In November 2024 the SCA replaced its 2004 cupping protocol with the Coffee Value Assessment (CVA), published as Standard 102-2024. It's the most consequential change to cupping in twenty years. Most of the mechanics stay the same; what changes is how you score and what the scores mean.
What stayed the same
The brewing protocol is unchanged in practice:
- 8.25 g coffee per 150 ml water (1:18.18).
- Coarse grind, 70–75% passing US #20 sieve.
- Filtered water near 93 °C.
- 4-minute steep, break the crust, skim the surface.
- Slurp evaluation starting around 70 °C.
If you knew how to cup under the 2004 protocol, you still know how to brew the bowl.
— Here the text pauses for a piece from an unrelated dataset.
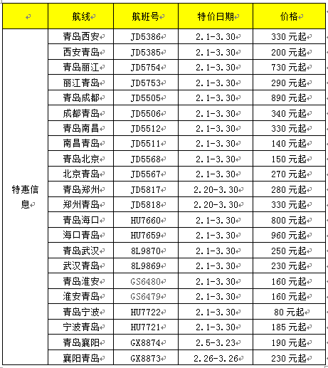 1月29日,從海南航空商委青島營業(yè)部獲悉,為了滿足春運大量旅客的出行需求。海南航空商委聯(lián)合旗下航空公司海南航空、首都航空、天津航空、祥鵬航空、北部灣航空近期在青島=西安、麗江、成都、南昌、海口、北京、武漢、鄭州、淮安、寧波、襄陽等多條航線推出特價機票,部分特價機票為1至3折。

What's different is what comes after.
What changed: descriptive vs affective scoring
The 2004 protocol used a single 100-point scale where every attribute (acidity, body, balance, etc.) was scored 6.00–10.00 in 0.25 increments. CVA splits the evaluation into two distinct frameworks:
- Descriptive assessment — what is the coffee actually like? This is sensory description: intensity of acidity, character of body, quality of aftertaste, presence of off-flavours. No preference is implied. A coffee can have intense citric acidity that some cuppers love and others find aggressive — descriptive captures the fact, not the judgement.
- Affective assessment — how much do you like it? This is preference. Each cupper rates how much they like each attribute and the cup overall.
The two are reported separately. A coffee can have a high descriptive intensity and a divided affective score — that's now visible in the report instead of averaged into one number.
Why split them
The 2004 protocol mixed objective description with subjective preference. A "great" coffee was one that scored high on attributes — but the attribute scores already encoded preference. That's why two cuppers could rate the same coffee differently and the disagreement disappeared into the score.
CVA makes the disagreement visible. If everyone agrees a coffee has high acidity but disagrees on whether they like it, the report shows both signals separately. For roasters and buyers this is much more useful than a single number.
What it means for home cupping
For evaluation at home, the practical difference is small but real:
- Take notes in two columns: "what I taste" (descriptive) and "what I like" (affective).
- Don't merge them. "Acidity 8/10" mixes both. "Acidity intensity: high · liking: medium" separates them.
- This forces you to articulate when a coffee has a quality you can identify but don't enjoy. That distinction sharpens your palate faster than rating.
What's still in flux
CVA 2024 is new. Roasters are adopting it at different paces, and you'll see both 2004 and CVA scores cited for some time. The protocol bowl-side is the same, so a 2004 cupping session and a CVA session look identical from across the room. Only the form changes.
When sourcing or buying, ask which framework the score uses — they're not directly comparable.